> [What is needed] Copy out the data below from the line containing "6일 저녁 울산 문수" to the line containing "题目的意思很简单,就是求两个数组的交集,和求链表的共同数据基本相同", both lines included, with all images left out.
(Input records Opens)
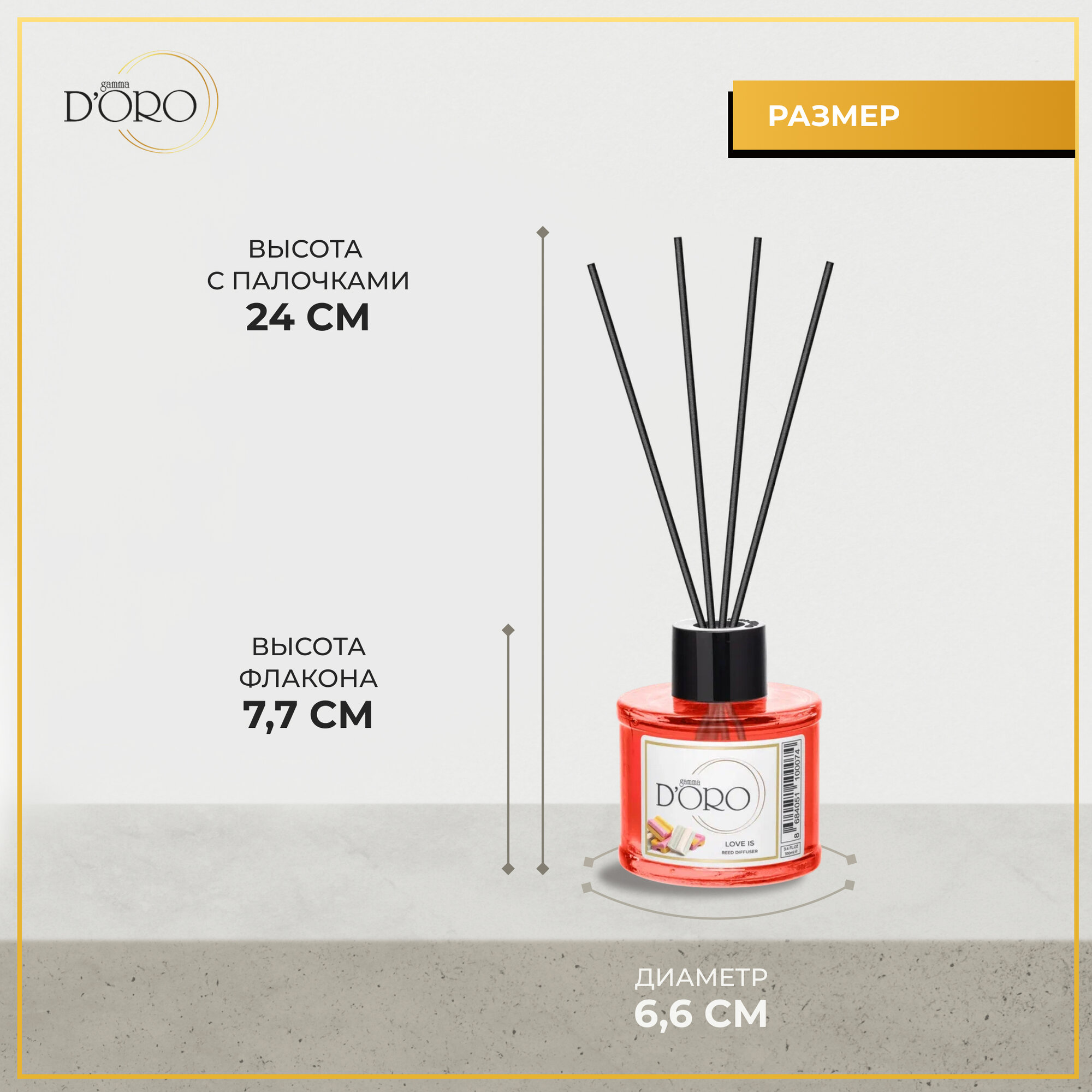 Аромадиффузор с палочками Утренний кофе от бренда Gamma D'Oro – для истинных любителей аромата свежесваренного кофе. Этот притягательный парфюм для дома поможет вам проснуться и настроиться на нужный лад, когда вы ощутите шикарный кофейный аромат ароматизатора для дома с палочками с нотами фундука и сливок в своем доме или рабочем пространстве благодаря нашему диффузору для дома. Натуральные эфирные масла, входящие в состав наших ароматов для дома, помогают укрепить иммунитет и улучшить самочувствие, они безопасны даже для детей и животных. Аромапалочки для дома подходят для ароматерапии, а также в качестве благовония. Аромат при этом стойкий и мягкий в отличие от резких освежителей воздуха. В помещении в один миг исчезают посторонние запахи: еды, бытовой химии, дыма, чувствуется лишь легкий приятный натуральный аромат парфюмерии для дома.Аромадиффузор с палочками Gamma D’Oro может применяться в загородном доме (аромат для дома с палочками), квартире (ароматизатор для комнаты), сан узле (диффузор для туалета), а также в офисе, салоне красоты, косметическом кабинете или студии йоги.Наш интерьерный освежитель воздуха прекрасно впишется в любой, даже самый изысканный интерьер, ведь флакон для диффузора имеет универсальный дизайн.В состав жидкости для аромадиффузора входят сертифицированные аромамасла из Франции, в качестве палочек для ароматического диффузора - высококачественные фибровые аромапалочки, которые равномерно впитывают эфирные масла и постепенно, в течение длительного времени (до 8 недель для ароматического диффузора объемом 100 мл) отдают в окружающее пространство масло из диффузора. Срок годности диффузора для дома с палочками Gamma Doro составляет 5 лет.Ароматический диффузор с палочками произведен с Турции на специализированном парфюмерном заводе, сертифицированном по всем международным стандартам. Диффузоры ароматические Гамма Доро зарегистрированы в РФ и имеют сертификат безопасности продукции.Парфюм для дома с палочками Гамма Доро будет оригинальным подарком женщине, на 8 марта, учителю или коллеге. Аромадиффузор - прекрасный элемент для создания уюта дома.Инструкция по применению ароматизатора с палочками для дома: снимите с диффузора крышку и выньте пластмассовую пробку. Вставьте требуемое количество палочек для ароматического диффузора (чем больше ароматизированных палочек, тем ярче будет аромат, но выше расход духов для дома). Наденьте на аромадиффузор крышку. Раз в 3-4 дня переворачивайте аромапалочки для равномерного распространения масла для ароматизатора. Наслаждайтесь легким натуральным ароматом ароматизатора с палочками Gamma D’Oro!
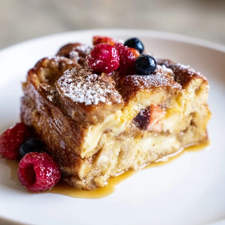 Pin it A comforting, custardy baked French toast infused with warm spices, perfect for easy weeknight dinners or a relaxed weekend breakfast treat.
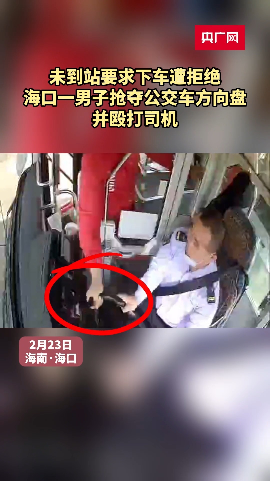未到站要求下車遭拒絕 海口一男子搶奪公交車方向盤并毆打司機(jī)
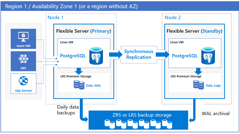 You can choose the region and the availability zones for both primary and standby servers. The standby replica server is provisioned in the chosen availability zone in the same region with a similar compute, storage, and network configuration as the primary server. Data files and transaction log files (write-ahead logs, also known as WAL) are stored on locally redundant storage (LRS) within each availability zone, automatically storing three data copies. A zone-redundant configuration provides physical isolation of the entire stack between primary and standby servers.
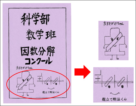 因数分解コンクールは今回で3回目となり,科学部数学班の出し物として認知されるようになった。文化祭では文化部や各クラスの出し物を周知,PRするためのパンフレットが配布されるが,数学班は右下のような因数分解に付き物の「たすき掛け」や「組立除法」に因んだキャラクター「たすきがけちゃん」「組立て除法くん」を作ってPRをした。
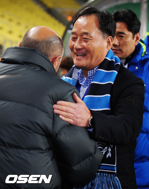 6일 저녁 울산 문수 축구경기장에서 열린 울산 현대와 베이징 궈안(중국)과의 '2012 아시아축구연맹(AFC) 챔피언스리그' F조 조별리그 1차전에서 현대 김호곤 감독과 베이징 하이메 모레이라 파체코 감독이 악수를 나누고 있다.
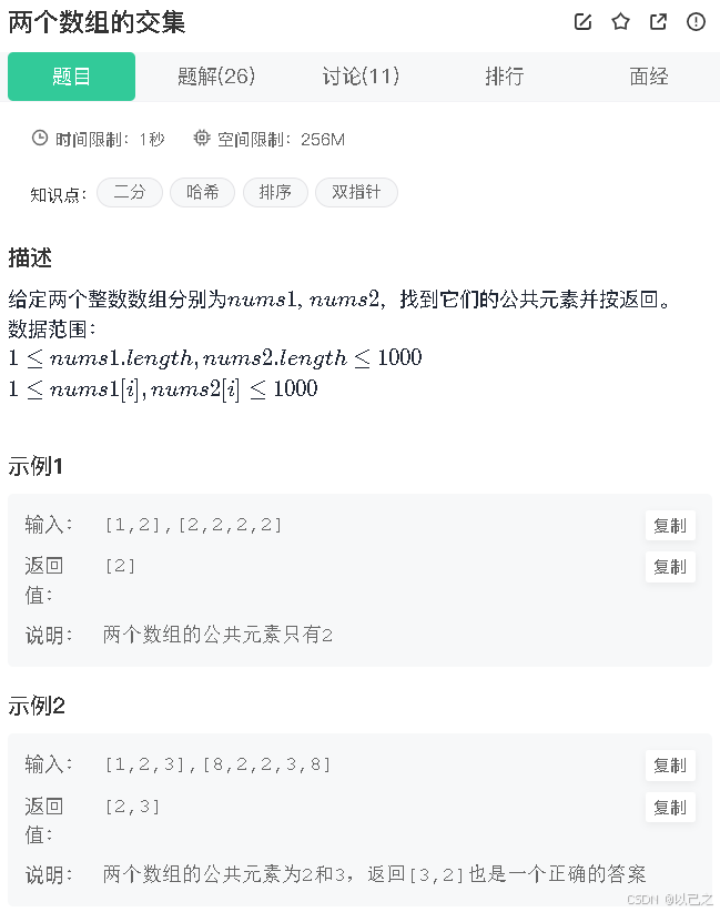题目的意思很简单,就是求两个数组的交集,和求链表的共同数据基本相同
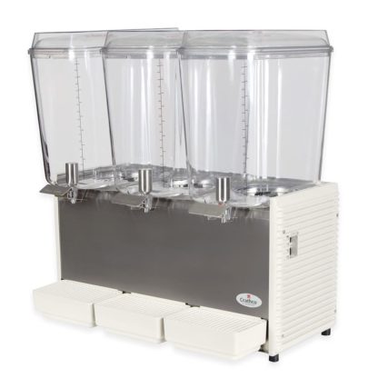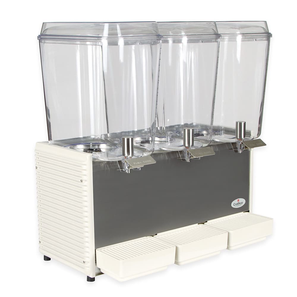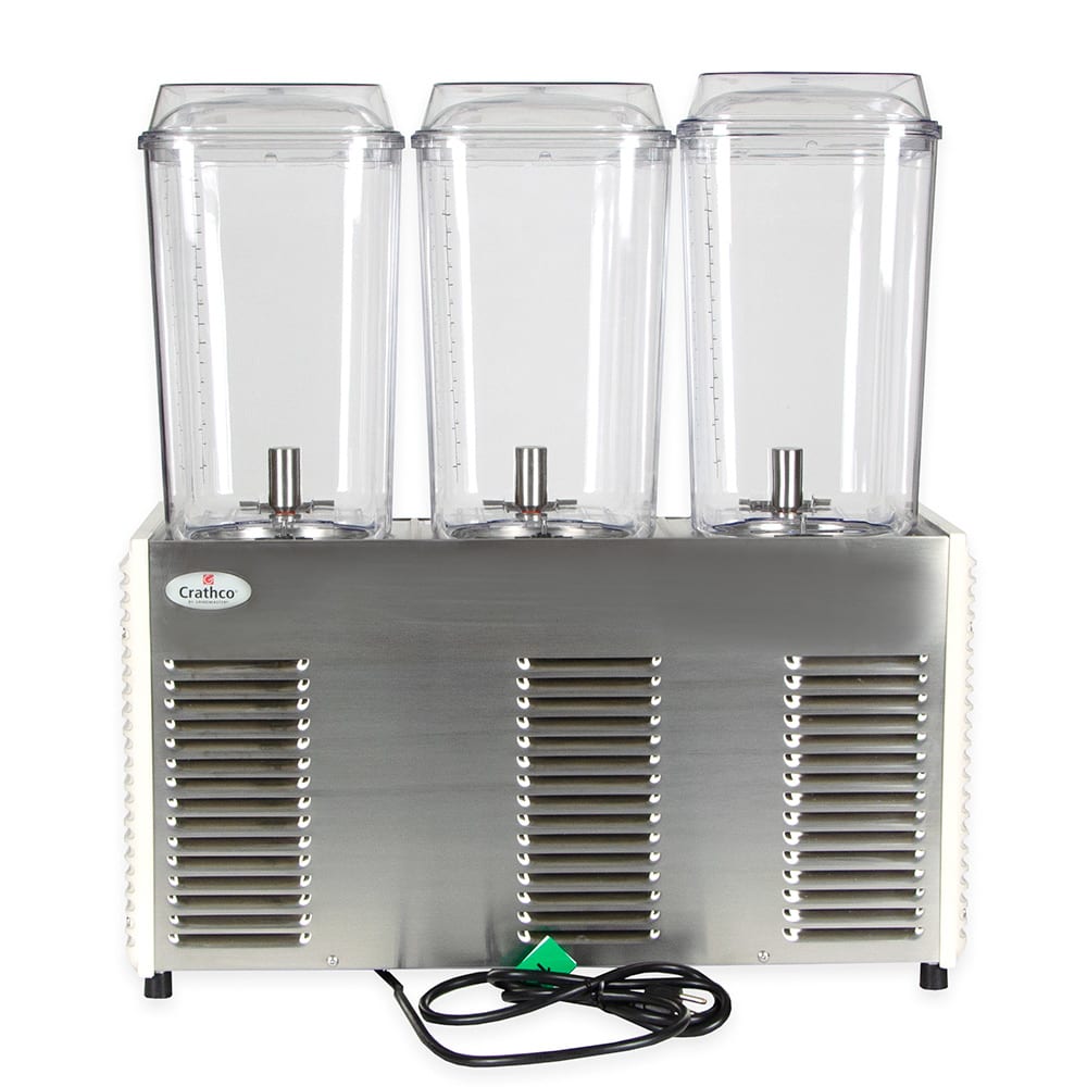 Crathco Classic Bubbler Pre-Mix Cold Beverage Dispenser, triple, electric, (3) 5 gallon clear polycarbonate bowls & covers, 2-piece stainless steel dripless dispense valves, 35°to 41°F temperature range, 8-1/4″ cup clearance, includes spray & agitate circulation options, plastic side panels & drip tray, R134a, 1/3 HP, cULus, NSF, (shipped in 2 boxes)
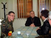 „Der Patient hat keine Nationalität“Militärgeneralvikar Walter Wakenhut besucht Militärseelsorger im Kosovo | | | Kosovo, 03/2004. Freundlich und zuvorkommend begrüßt Jeton Kelmendi (16) die deutschen Gäste, die mit Kastriot Dodaj vom Jesuit Refugee Service, dem Jesuitenflüchtlingswerk ins Haus seines Onkels nach Pristina/Kosovo kommen, um ihm einen Besuch abzustatten. Ein aufgeweckter Junge! Er geht in die Mittelschule, 10 Klasse, und möchte einmal Jurist werden Man sieht ihm sein Schicksal nicht auf den ersten Blick an. Jeton ist eines der Opfer, das im September 1999 durch eine Landmine seinen linken Unterschenkel verlor. „Es schmerzt“, sagt er, je nach Witterung der Natur oder Wachstum des Körpers. Es ist die dritte Prothese seit 1 ½ Jahren. Diese ist in Spanien gemacht worden. „Eine kostenlose Behandlung“, sagt er nach Rückfrage und mit Blick auf Kastriot Dodaj. Mit Dodaj arbeiten noch zwei weitere in dem Projekt für landminengeschädigte Opfer in Pristina An sich sind es zu wenig Mitarbeiter, aber das Geld reicht nicht für mehr. Trotz allem Idealismus ist die Organisation auf Spenden angewiesen um den geschädigten Kindern und Jugendlichen eine Zukunft zu ermöglichen. Militärgeneralvikar Walter Wakenhut, Berlin, und der Katholische Leitende Militärdekan Reinhold Bartmann aus München, nutzen Anfang März bei ihrem Besuch der beiden KFOR- Militärpfarrer Norbert Sauer und Christian Preis die Gelegenheit, sich vor Ort über das von der Aktion „Nachbarschaftshilfe“ unterstützte Projekt zu informieren. Die „Nachbarschaftshilfe“ ist eine sozial-karitativer Aktion katholischer Soldaten der Bundeswehr, die den minderjährigen Minenopfern helfen und zur Verwirklichung des Programms beitragen wollen. Renovabis, eine Solidaritätsaktion der deutschen Katholiken für Mittel-, Ost- und Südosteuropa unterstützt das Vorhaben. Neben medizinischer Betreuung, Beschaffung von Prothesen, Ermöglichung von Operationen und Einzelhilfen für die Familien bietet der Jesuit Refugee Service (JRS) langfristige psychosoziale Betreuung der Opfer und Justiz-Hilfe an. MGV Wakenhut bedankt sich für die hervorragende Arbeit der JRS. Er verspricht Kastriot Dodaj diese Aktion nochmals innerhalb der Katholischen Militärseelsorge wärmstens zu empfehlen und die Minenopfer durch Spendenaufrufe mit allen Kräften zu unterstützen.
(Input records Closes)
> [Task response]
 6일 저녁 울산 문수 축구경기장에서 열린 울산 현대와 베이징 궈안(중국)과의 '2012 아시아축구연맹(AFC) 챔피언스리그' F조 조별리그 1차전에서 현대 김호곤 감독과 베이징 하이메 모레이라 파체코 감독이 악수를 나누고 있다.
题目的意思很简单,就是求两个数组的交集,和求链表的共同数据基本相同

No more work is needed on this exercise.